Only the lines from the one containing "Pánský rashguard s" through the end of the listing are to be repeated, exactly and without pictures.
#####
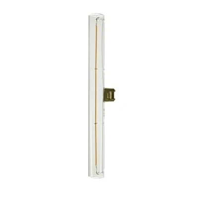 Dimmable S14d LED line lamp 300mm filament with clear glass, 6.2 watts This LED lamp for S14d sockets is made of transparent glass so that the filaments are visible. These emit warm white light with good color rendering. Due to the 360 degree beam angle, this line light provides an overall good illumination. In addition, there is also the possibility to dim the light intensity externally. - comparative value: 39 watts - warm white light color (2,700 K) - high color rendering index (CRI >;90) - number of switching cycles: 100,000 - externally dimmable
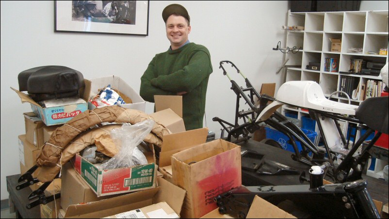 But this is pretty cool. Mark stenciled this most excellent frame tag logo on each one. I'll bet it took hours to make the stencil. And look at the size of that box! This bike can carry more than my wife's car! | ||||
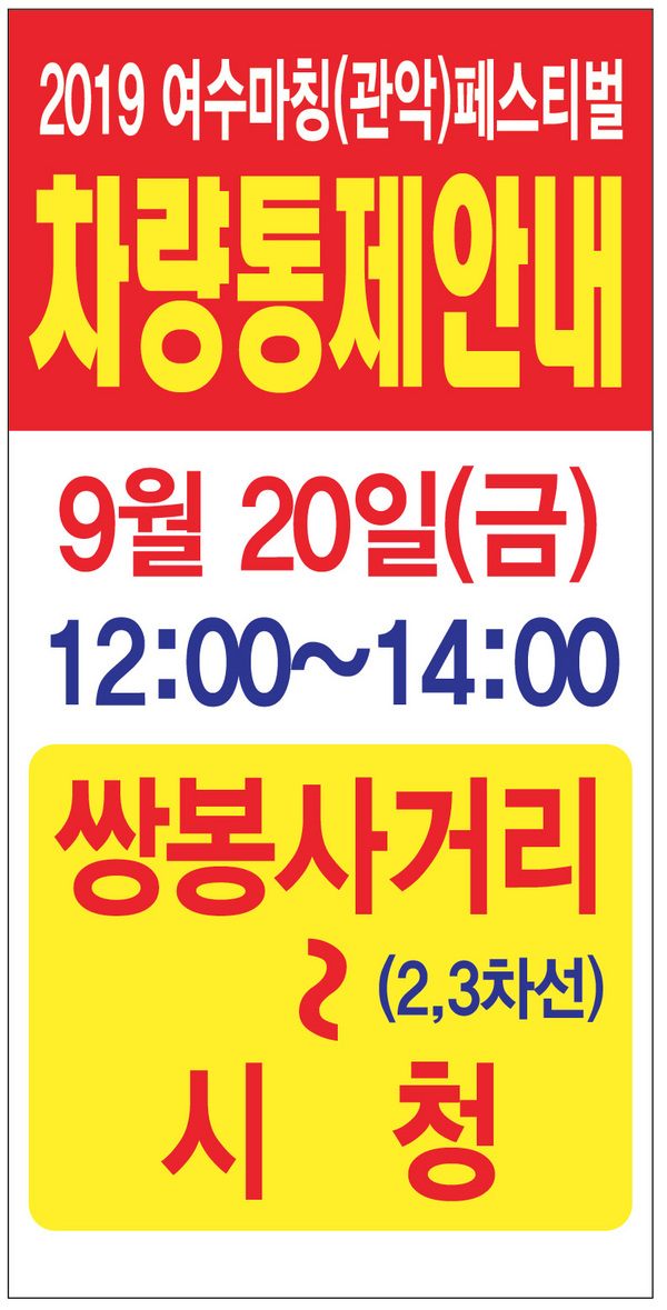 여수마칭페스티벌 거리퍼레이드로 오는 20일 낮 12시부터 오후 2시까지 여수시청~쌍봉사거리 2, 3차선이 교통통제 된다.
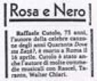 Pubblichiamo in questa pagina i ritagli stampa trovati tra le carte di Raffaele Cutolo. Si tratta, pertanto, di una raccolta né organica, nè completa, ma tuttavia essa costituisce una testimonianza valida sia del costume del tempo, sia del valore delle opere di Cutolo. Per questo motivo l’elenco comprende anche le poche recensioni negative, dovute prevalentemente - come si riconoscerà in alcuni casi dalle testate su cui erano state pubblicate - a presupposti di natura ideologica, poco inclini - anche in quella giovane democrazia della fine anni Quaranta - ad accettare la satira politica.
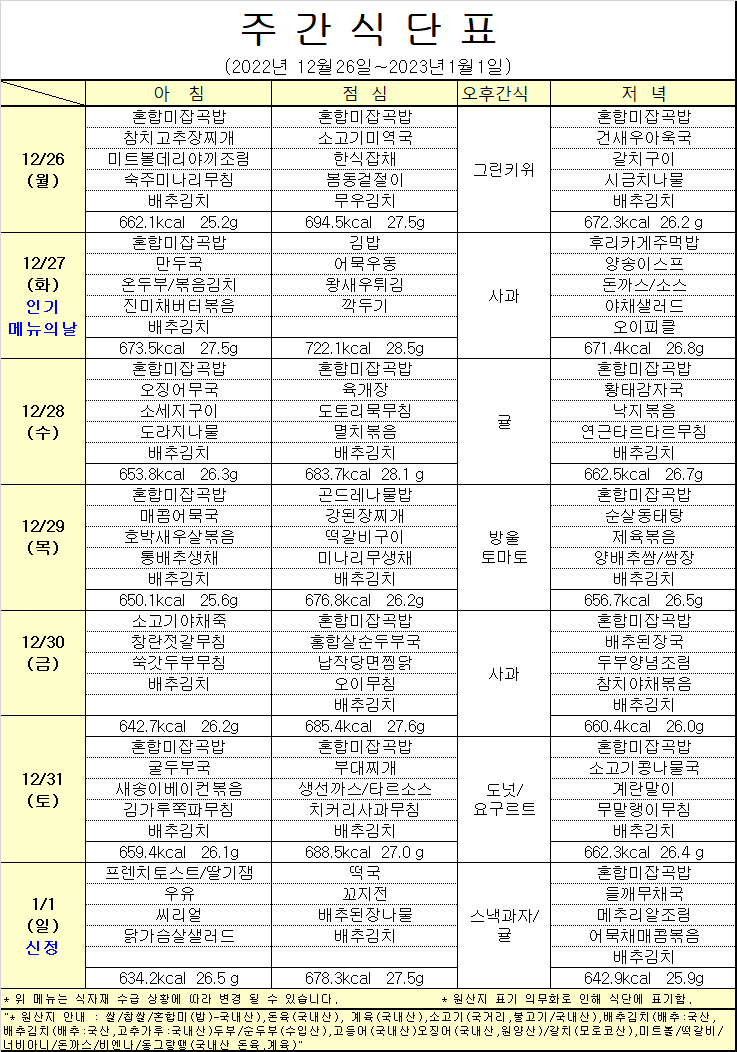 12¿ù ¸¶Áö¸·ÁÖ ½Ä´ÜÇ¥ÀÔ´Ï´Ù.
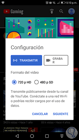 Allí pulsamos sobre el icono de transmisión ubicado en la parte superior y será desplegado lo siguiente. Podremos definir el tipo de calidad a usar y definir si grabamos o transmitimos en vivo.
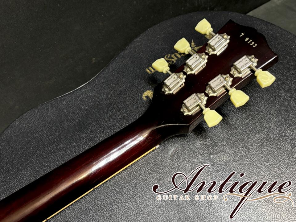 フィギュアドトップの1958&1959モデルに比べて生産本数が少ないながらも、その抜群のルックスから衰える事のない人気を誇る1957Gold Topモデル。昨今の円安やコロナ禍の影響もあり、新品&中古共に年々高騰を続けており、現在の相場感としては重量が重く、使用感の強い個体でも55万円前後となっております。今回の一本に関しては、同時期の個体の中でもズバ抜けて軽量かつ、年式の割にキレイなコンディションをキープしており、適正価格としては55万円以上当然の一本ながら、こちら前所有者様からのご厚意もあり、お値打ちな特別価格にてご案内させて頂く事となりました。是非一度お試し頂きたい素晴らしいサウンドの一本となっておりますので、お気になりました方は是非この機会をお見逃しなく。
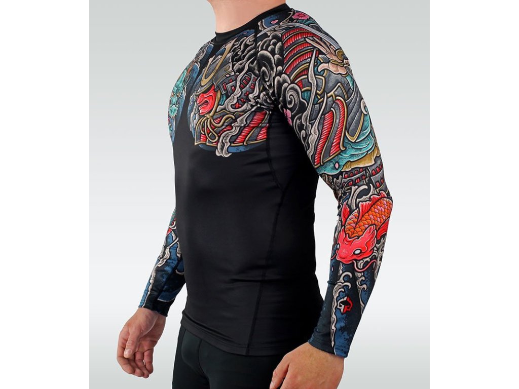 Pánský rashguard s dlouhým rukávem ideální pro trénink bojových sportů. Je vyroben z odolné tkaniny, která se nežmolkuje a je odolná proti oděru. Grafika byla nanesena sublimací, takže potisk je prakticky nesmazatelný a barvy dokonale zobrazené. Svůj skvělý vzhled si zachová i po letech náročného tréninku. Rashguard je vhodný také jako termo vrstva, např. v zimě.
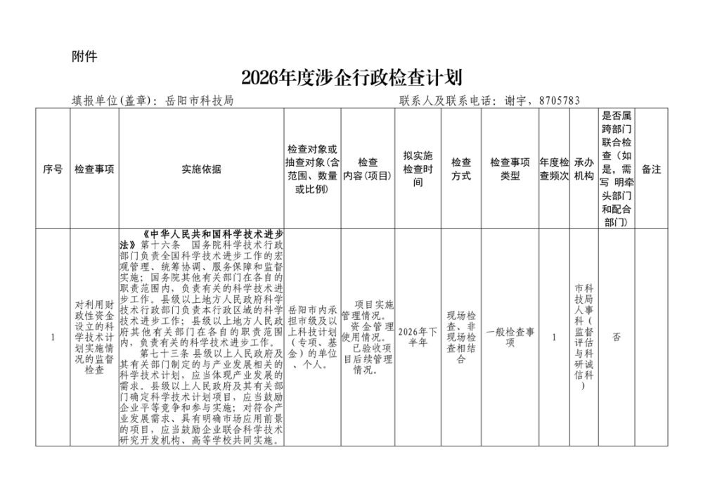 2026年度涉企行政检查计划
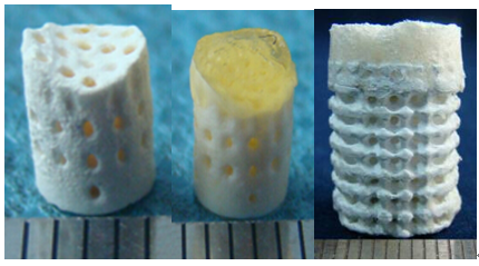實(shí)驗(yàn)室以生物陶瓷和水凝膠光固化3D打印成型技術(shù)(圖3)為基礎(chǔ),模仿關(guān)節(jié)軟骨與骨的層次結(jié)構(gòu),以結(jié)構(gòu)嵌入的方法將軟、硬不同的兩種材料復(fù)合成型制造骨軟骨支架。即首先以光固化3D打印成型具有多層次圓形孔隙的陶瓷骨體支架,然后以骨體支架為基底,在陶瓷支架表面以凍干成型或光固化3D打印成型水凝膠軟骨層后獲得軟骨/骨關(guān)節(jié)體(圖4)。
#####
● **Solution**
 Pánský rashguard s dlouhým rukávem ideální pro trénink bojových sportů. Je vyroben z odolné tkaniny, která se nežmolkuje a je odolná proti oděru. Grafika byla nanesena sublimací, takže potisk je prakticky nesmazatelný a barvy dokonale zobrazené. Svůj skvělý vzhled si zachová i po letech náročného tréninku. Rashguard je vhodný také jako termo vrstva, např. v zimě.
 2026年度涉企行政检查计划
實(shí)驗(yàn)室以生物陶瓷和水凝膠光固化3D打印成型技術(shù)(圖3)為基礎(chǔ),模仿關(guān)節(jié)軟骨與骨的層次結(jié)構(gòu),以結(jié)構(gòu)嵌入的方法將軟、硬不同的兩種材料復(fù)合成型制造骨軟骨支架。即首先以光固化3D打印成型具有多層次圓形孔隙的陶瓷骨體支架,然后以骨體支架為基底,在陶瓷支架表面以凍干成型或光固化3D打印成型水凝膠軟骨層后獲得軟骨/骨關(guān)節(jié)體(圖4)。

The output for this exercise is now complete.